Savannah Jones, a high school senior from Chicago, received an email on the afternoon of April 5 from the Emory Office of Admission congratulating her on her acceptance to the College and inviting her to an admitted students event as part of the Choose Emory campaign.
Jones immediately called her mom to express how excited she was that she had been admitted to her top choice school. However, upon checking OPUS, she noticed her status on the waitlist had not changed.
Jones was one of approximately 350 wait-listed students who wrongly received the invitation to accepted student events.
The Office of Admission accidentally sent out an email to multiple wait-listed students inviting them to attend various “Choose Emory” admitted student receptions across the country, according to Daniel Creasy, the director of communications in the Office of Admission.
The email error affected less than two percent of the overall applicant pool, Creasy said. This amounts to about 350 students.
“These invites were sent to admitted students in these four regions, but unfortunately, due to a technical glitch, the invite was also received by a small number of wait-listed students,” Creasy wrote in an email to the Wheel.
The first email was sent to students around 4 p.m. on April 5.
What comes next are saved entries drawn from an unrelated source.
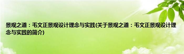 本文关于景观之道:毛文正景观设计理念与实践的简介就讲解完毕,希望对大家有所帮助。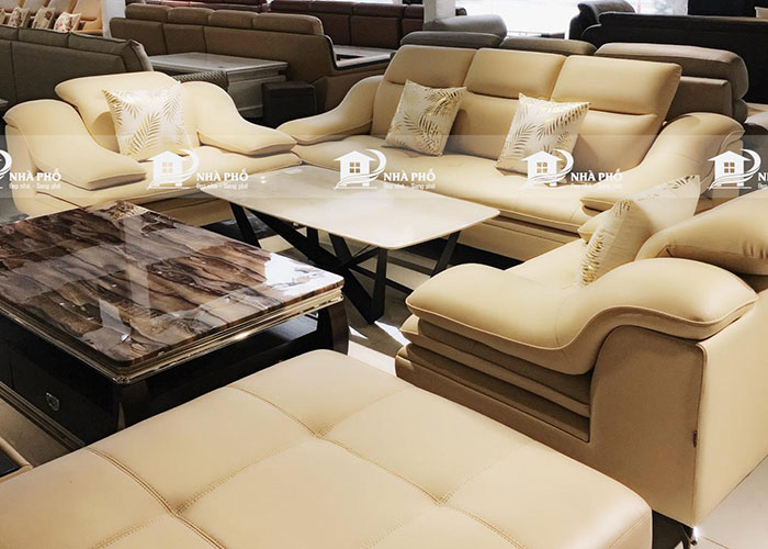 Vải bọc: là PVC cao cấp không thấm nước nên dễ vệ sinh, bề mặt nhẵn khó bám bụi bẩn, có sự đàn hồi tốt tạo kiểu dáng sofa mềm mại.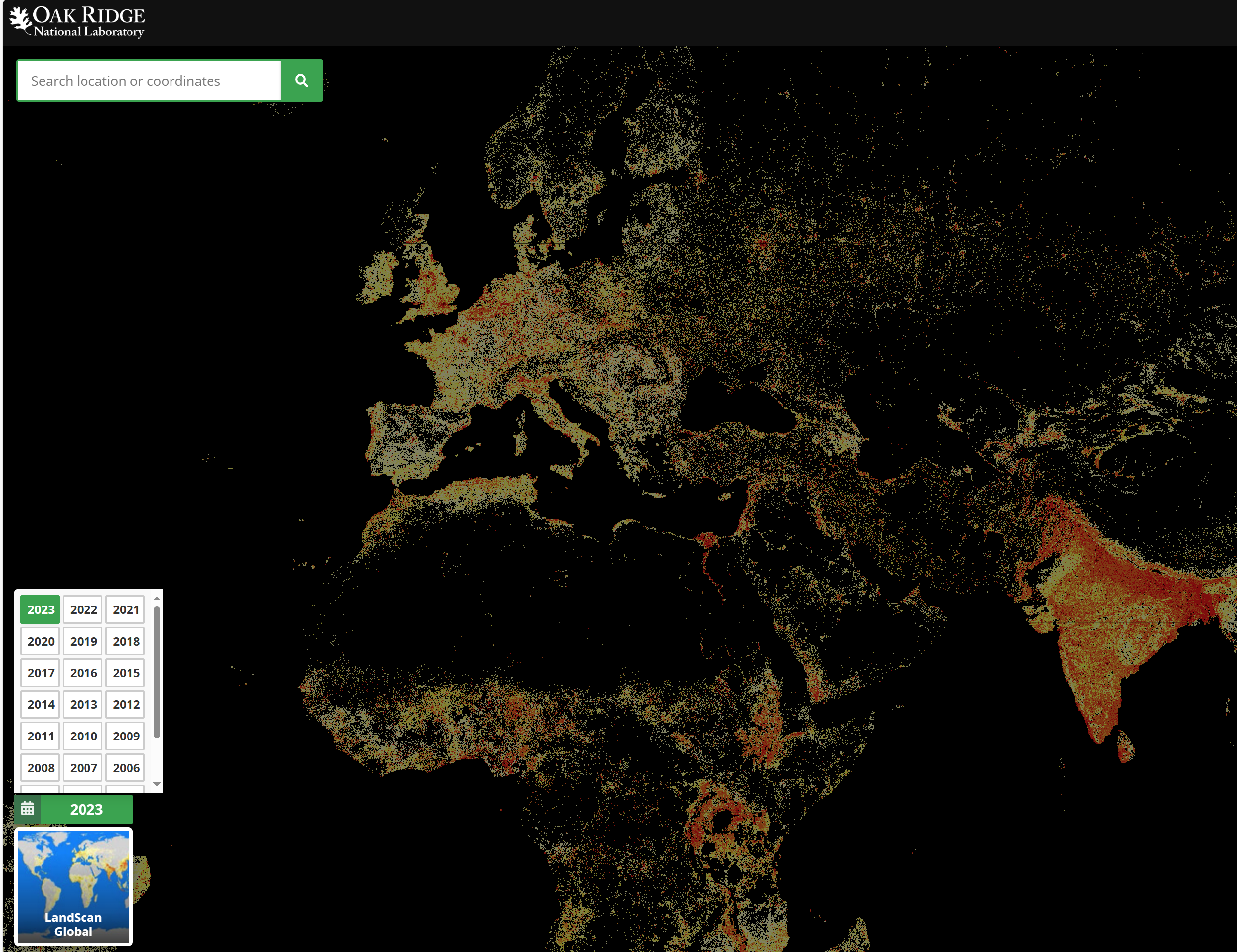 LandScan是美國橡樹嶺國家實驗室開發的全球動態人口數據,其空間分辨率為30"。這一數據的下載需要使用教育郵箱註冊。如下圖所示。

The beginning of the email, which was forwarded to the Wheel by Jones, read: “Congratulations once again on your admission to Emory University! Out of a record applicant pool, we’ve chosen YOU to join the Class of 2017 because of your involvement in your school and community, stellar academic accomplishments, and potential to impact our campus.”
The Office of Admission sent out a clarification and apology to those not admitted following the initial email six hours later.
The apology email read: “On behalf of Emory University, I would like to apologize for the email you received earlier today inviting you to our Choose Emory admitted student events. This message was intended for admitted students only, but unfortunately, due to a technical oversight, an additional group of applicants also received the message.”
Jones explained that she was very confused by the offer and that she was initially upset by the accident.
Emory admissions counselors received a few follow-up phone calls from students who had received the email, but the situation was then clarified, according to Creasy.
“All systems have glitches, but that is damaging emotionally especially for someone who is dead set on Emory and didn’t get in in the first place,” Jones said.